The company has also taken on long term debt of 8345k at YE2009, compared to 2937k at YE2008. The increase in Finance Expense in the income statement to 1.3% of sales from 0.5% of sales shows that the company has incurred more debt, though not necessarily a bad thing should they wish to expand.
Mencast Cash Flow
Mencast Free Cash Flow has been positive over the past 3 years, with FCF 52% of Operating Cash Flow for 2009. For 2009, the dividend paid was 47% of its free cash flow.
Opinions on Mencast
Mencast is tied closely to the shipping industry, and with the shipping industry still at the bottom of a down cycle, I believe that Mencast would be have a buy rating if we are looking at industry wise, and if there were no opportunity costs. However, purchasing Mencast stocks exposes us to opportunity costs as we would have to wait to see signs of recovery from the Shipping industry.
Mencast is slightly overvalued at this current time, especially with limited growth prospects. The issue with Mencast is that there are no other companies to do relative comparisons.

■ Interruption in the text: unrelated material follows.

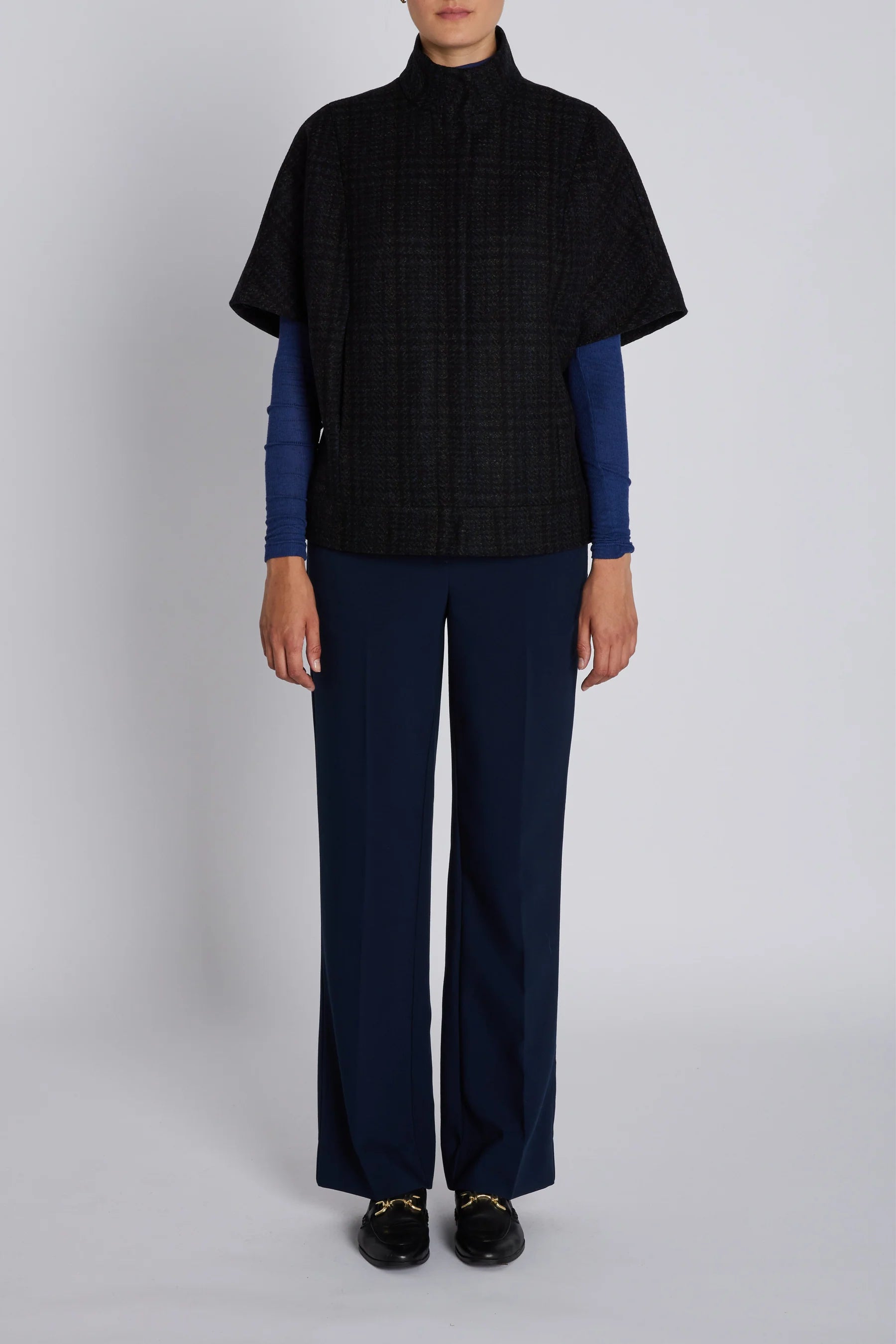 Bruuns Bazaarin korkeakauluksinen villasekoitteesta valmistettu liivi, jossa tumma ruudullinen kuvio. Moderni ja minimalistinen malli. Täydellinen kerrospukeutumiseen!

Due to my negative forecast on the shipping industry, coupled with the analysis of Mencast, I would not think right now is the correct time to purchase Mencast Holdings Inc.
Shipping Industry
For readers who are still reading this, I wish to point out something regarding the shipping industry. Right now shipping seems to be at the bottom of a down cycle, and the question should be asked how low can it go. If your analysis tells you that the economy is recovering and commodities boom is going to reduce the capacity of the shipping sector, you should purchase shipping companies. I believe shipping would recover by 1H2011, and I actually own shares in a LTL company, YRC Worldwide, although it is banking more on the turnaround of the company, and hopefully an early recovery in transportation.